Person of Interest: CHL Player of the Year Alex Barré-Boulet

Sam Cosentino goes over some of the big names turning heads in CHL including Alex Barre-Boulet.

The CHL Player of the Year award is the most prestigious individual award in Canadian junior hockey and many of the winners have gone on to incredible careers in the NHL.

Sidney Crosby, Connor McDavid and Mario Lemieux are just some of the impressive names on that trophy.

But this year’s winner is relatively unknown compared to those who came before him. Alex Barré-Boulet, 21, was never drafted into the NHL and has never represented Canada on the international stage, yet, he joined the ranks of the CHL’s best ever on Saturday.

Barré-Boulet will turn pro next season and we’re willing to bet it won’t be long before we see him in the NHL.

With that being said, allow us to introduce you to him.

He’s a pure scorer

The first thing you need to know about Barré-Boulet is that he’s an offensive dynamo.

A centre, he posted 53 goals and 116 points in 65 games this season playing for the QMJHL’s Blainville-Boisbriand Armada and added another 13 goals and 27 points in 19 playoff games.

His 116 regular season points were 12 more than Victoriaville’s Vitalii Abramov for the league lead. He was also the only QMJHL player to crack 50 goals this season.

But while these numbers are impressive, they weren’t a fluke. He finished his four-year QMJHL career with 140 goals, 197 assists and 337 points in 263 games, having picked up at least 81 points in his final three seasons.

He was passed over in the NHL draft three times

Scouts say Barré-Boulet’s offence comes from his quick hands and smart vision, which allows him to get scoring chances despite being only five-foot-10.

He also has a drive that allows him to never give up on a play. Just look at how he fights through the defence to setup this goal against the Charlottetown Islanders.

His shot isn’t bad either. He has a quick, accurate release that he uses to surprise goalies and beat them even when they appear to be in position.

While the numbers are impressive, his draft stock fell because teams were worried about his skating and his size.

That’s why Barré-Boulet entered the 2015 draft as the 141st ranked North American skater by NHL Central Scouting and ultimately wasn’t selected that year or the two years following.

Barré-Boulet attended tryouts with the L.A. Kings and Vegas Golden Knights but those didn’t lead to contracts.

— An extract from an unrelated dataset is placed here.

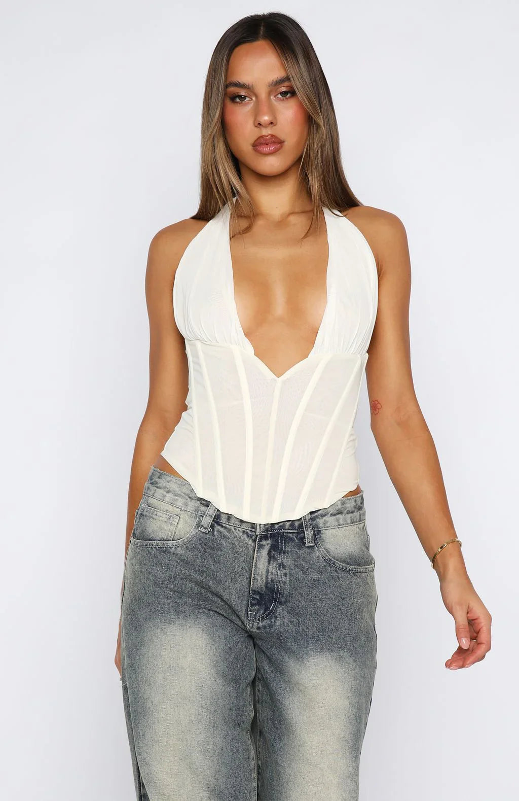 Feel like Kim K in our Waiting Forever Halter Bustier in Off White! Features self tie halter straps delicately tied at the neck, fully boned to contour your curves and provide support, courtesy inspired lace up back design, lined and invisible zipper with hook and eye closure on side. Have that full body contour moment by pairing with denim jeans and kitten heels!
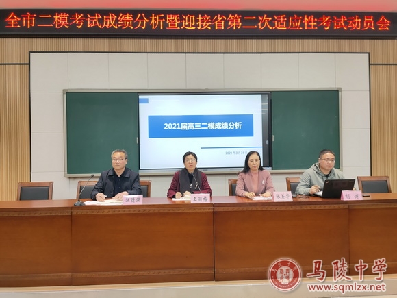 3月31日下午,高三年级在西校区阶梯教室召开了二模成绩分析暨迎接省第二次适应性考试动员会。校长王丽梅、校党委书记张美华、高三年级管理团队及高三全体教师出席了会议,会议由副校长汪德强主持。

So he entered this season as an overage player without a clear future in hockey, despite his massive offensive talent.

But that changed in March when the Tampa Bay Lightning signed him to an entry-level contract, which will likely lead to him skating with the AHL’s Syracuse Crunch next season.

He continues a trend for the Lightning

As Sportsnet’s CHL analyst Sam Cosentino points out in the video above, Barré-Boulet isn’t the first small forward the Lightning have taken a chance on.

Tyler Johnson and Yanni Gourde are both under six-foot but have put together solid seasons in Tampa, while Golden Knights star Jonathan Marchessault also spent time in the Lightning system earlier in his career.

And before all of those guys, Martin St. Louis put together a legendary career in Tampa despite generously being listed at five-foot-eight.

Those players all put up high offensive numbers in junior but needed a few years in the minors before making the jump to the NHL. Barré-Boulet will likely need to go through similar seasoning before becoming a regular for the the Lightning.

“I think he is in that mold. Now, he’s going to have to put the work in that those guys put in to become the players they have become,” Tampa Bay assistant general manager Julien BriseBois said when asked about Barré-Boulet’s size. “He’s a young guy… We’ll work on him getting stronger, more powerful, improve his skating. He’s tough to play against because of his competitiveness. The times I’ve seen him, what’s really impressed me the most is his hockey sense. He’s a good prospect.”

If any team can turn Barré-Boulet’s raw skill into a complete NHL player, it’s Tampa Bay.

And if they succeed, the rest of the league will be left wondering how they let him slip through their fingers.